Considering that my concerns are still not fully solved, I will keep my rating in this period.
This paper presents a novel theoretical framework for understanding disentanglement in diffusion models under weak supervision. The authors introduce two key criteria: (1) approximate information-theoretic disentanglement and (2) editability. They demonstrate identifiability results in three scenarios: known-style supervision, multi-view data, and independent subspace models. In these cases, they establish finite-sample global convergence guarantees. Beyond the theoretical contributions, the authors validate the framework through controlled experiments using synthetic, image, and speech data. The results show that training strategies inspired by their analysis can enhance disentanglement performance in practice.
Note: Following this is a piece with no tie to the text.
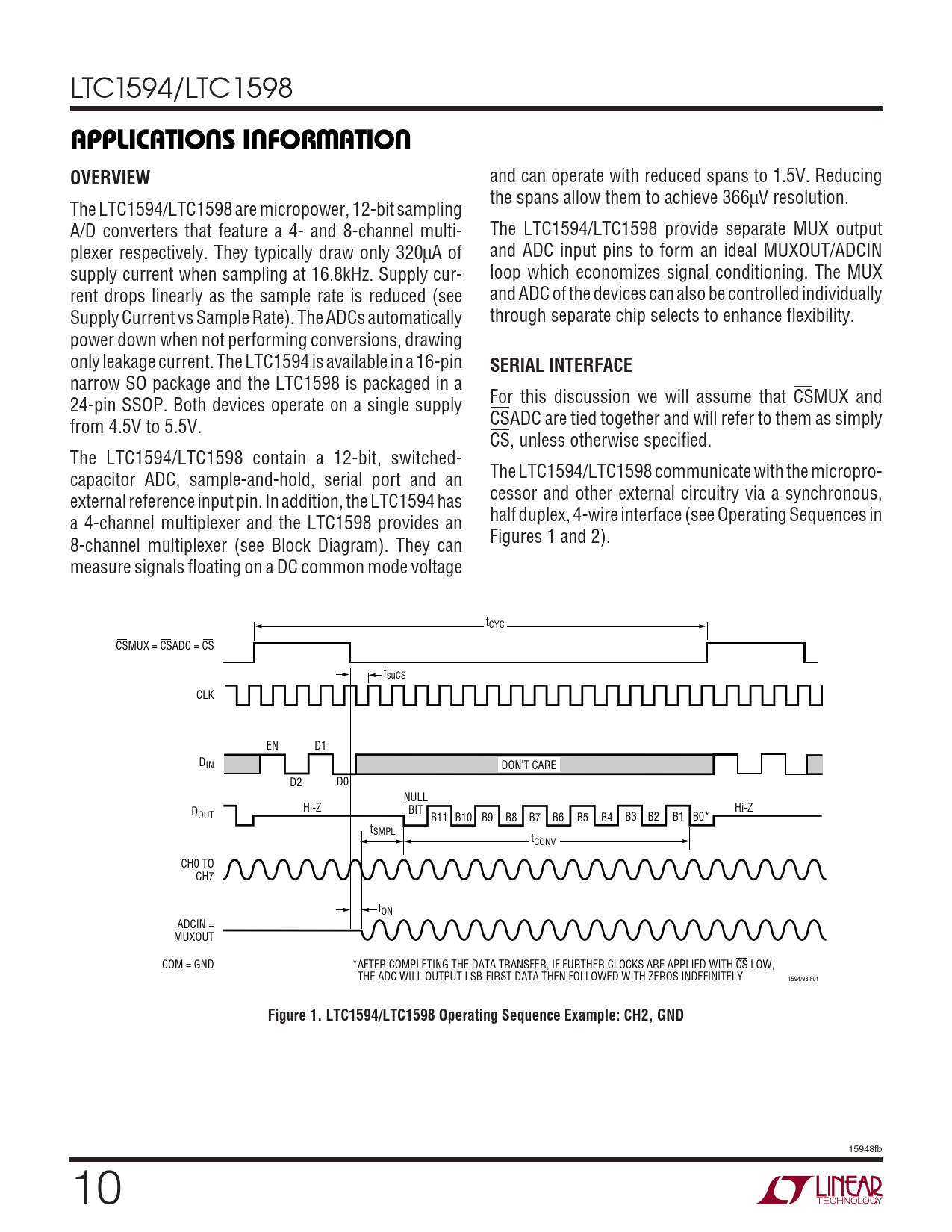 LTC1594/LTC1598 UUWUAPPLICATIONS INFORMATIONOVERVIEW and can operate with reduced spans to 1.5V. Reducing the spans allow them to achieve 366μV resolution. The LTC1594/LTC1598 are micropower, 12-bit sampling A/D converters that feature a 4- and 8-channel multi- The LTC1594/LTC1598 provide separate MUX output plexer respectively. They typically draw only 320μA of and ADC input pins to form an ideal MUXOUT/ADCIN supply current when sampling at 16.8kHz. Supply cur- loop which economizes signal conditioning. The MUX rent drops linearly as the sample rate is reduced (see and ADC of the devices can also be controlled individually Supply Current vs Sample Rate). The ADCs automatically through separate chip selects to enhance flexibility. power down when not performing conversions, drawing only leakage current. The LTC1594 is available in a 16-pin SERIAL INTERFACE narrow SO package and the LTC1598 is packaged in a 24-pin SSOP. Both devices operate on a single supply For this discussion we will assume that CSMUX and from 4.5V to 5.5V. CSADC are tied together and will refer to them as simply CS, unless otherwise specified. The LTC1594/LTC1598 contain a 12-bit, switched- capacitor ADC, sample-and-hold, serial port and an The LTC1594/LTC1598 communicate with the micropro- external reference input pin. In addition, the LTC1594 has cessor and other external circuitry via a synchronous, a 4-channel multiplexer and the LTC1598 provides an half duplex, 4-wire interface (see Operating Sequences in 8-channel multiplexer (see Block Diagram). They can Figures 1 and 2). measure signals floating on a DC common mode voltage tCYC CSMUX = CSADC = CS tsuCS CLK EN D1 DIN DON’T CARE D2 D0 NULL Hi-Z Hi-Z D BIT OUT B11 B10 B9 B8 B7 B6 B5 B4 B3 B2 B1 B0* tSMPL tCONV CH0 TO CH7 tON ADCIN = MUXOUT COM = GND *AFTER COMPLETING THE DATA TRANSFER, IF FURTHER CLOCKS ARE APPLIED WITH CS LOW, THE ADC WILL OUTPUT LSB-FIRST DATA THEN FOLLOWED WITH ZEROS INDEFINITELY 1594/98 F01 Figure 1. LTC1594/LTC1598 Operating Sequence Example: CH2, GND 15948fb 10

Most reviewers had a positive view of the paper, and the discussion period was lively. The authors adequately addressed most of the concerns raised by the reviewers, including additional comparisons with Celeb A and a clarification regarding the writing relationship to prior work (DisDiff). The paper's focus is on the theoretical framework, and while its performance on Celeb A may not fully match the leading methods for this task, I still consider this work valuable. Overall, the paper presents interesting new theories and empirical validation, and I recommend its acceptance. The comments provided in the rebuttal should be integrated to enhance the manuscript's readability.